SRCA in the Senate

The Senate Judiciary Committee yesterday held a hearing on S. 2123, the Sentencing Reform and Corrections Act (SRCA) of 2015.  Coverage is here, including links to witness statements and testimony.

There are some sensible things in this bill, and some things that are far less sensible.  There appears to be a bipartisan consensus for sentencing reform, and I am increasingly confident that some legislation will find its way to the President.  I continue to believe, however, that much of the narrative driving sentencing reform is hyper-focused upon drug offenses and insufficiently focused on violent crime.  Heather MacDonald’s testimony discusses this phenomenon a bit.  If the idea is to reduce or even eliminate meaningful prison terms for people who pose no danger to the community, then this legislation is both underinclusive and overinclusive.  But the idea should also be to proportionately punish violent crime or crimes with meaningful connections to violent criminal organizations or criminal conspiracies.  A political community committed to good order, justice, and freedom must concern itself not with “over-incarceration” or “under-incarceration,” but with incarcerating as many people as is necessary to keep the community safe, tolerably ordered, and prosperous.

One would think that gun crime, in particular, would be a subject of greater concern, given what we know about the realities of day-to-day gun crime in America.  SRCA reduces the mandatory minimum under the Armed Career Criminal Act from 15 years to 10.  Now is not the time to send mixed signals about gun crime, particular for gun crime recidivists.  If anything, the ACCA minimum should be increased, not reduced, though I understand why this reform is being considered (to create an overlapping range).  I also think a more important reform of ACCA would alter the definitions of the predicate offenses, particular after Johnson v.

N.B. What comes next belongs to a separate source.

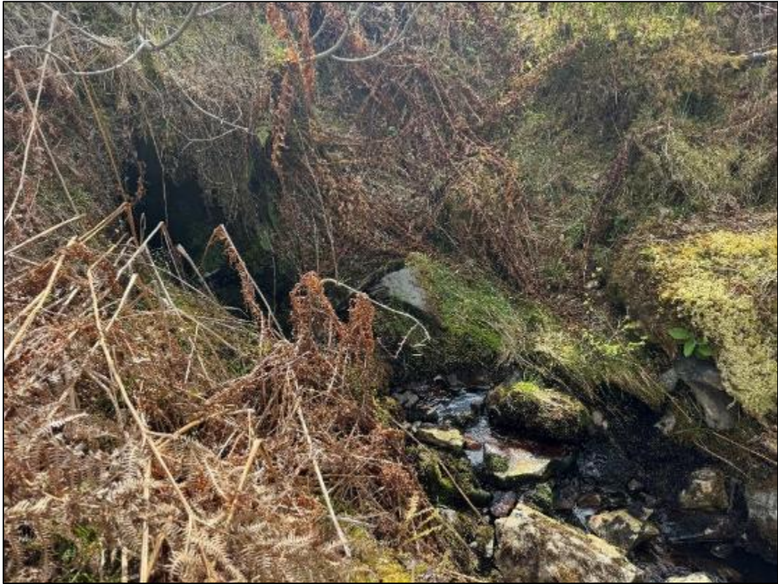
Figure A27. Photograph of stream crossing 27. Culvert outfall.

United States (which struck down ACCA’s residual clause as unconstitutionally vague).  On the other hand, I am happy to see an increase in the statutory maximum from 10 years to 15 years for certain unlawful gun possessors.  And I have no objection to fixing the “stacking” problem under 18 U.S.C. 924(c), provided that there is no reduction in the minimum for the first offense.

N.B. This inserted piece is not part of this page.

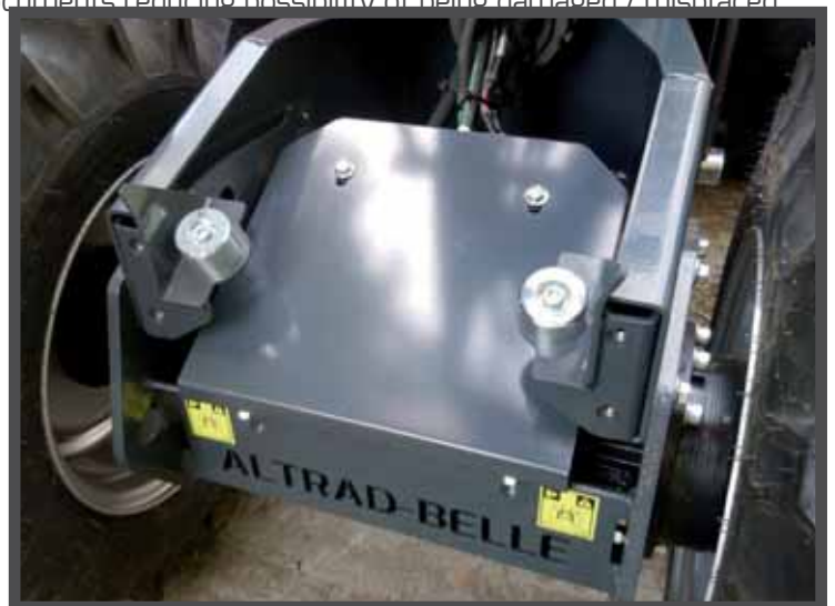
ROBUST STEEL, FRONT MATERIAL INGRESS GUARD PREVENTS DAMAGE TO HYDRAULIC CIRCUIT

It is also notable that despite all of the talk about criminal justice reform, this bill is chiefly about sentencing reform.  Those two are not the same thing.  In a broader criminal justice reform effort, I would expect Congress to propose repealing some substantive criminal statutes, consolidating overlapping criminal offenses at the federal level, and devoting greater effort to strengthening mens rea elements in federal criminal law.  I see none of that in this bill, except for a provision on studying the federal criminal code, a simple reporting provision which will prove mostly useless.  To the extent that conservatives should be behind reforms in the federal criminal justice system, they should push more aggressively for substantive criminal law reforms that reduce (not eliminate, merely reduce) the federal government’s role in criminalizing conduct that is better handled through criminal law at the state level, if at all, and that ensures a robust system of prosecution and just punishment for those subjects that are properly within the federal government’s domain.

Perhaps there is less consensus between Republicans and Democrats on substantive federal criminal law reform, and more consensus on sentencing reform, thus explaining why sentencing reform is carrying the day.  But I urge Congress to consider these substantive reforms, as well, particularly reform of federal mens rea law, on which I believe there is substantial agreement between conservative legislators, conservative judges, and the criminal defense bar.  The Supreme Court has done a lot of the heavy lifting on the problem of over-federalization; it is time for Congress to do its part.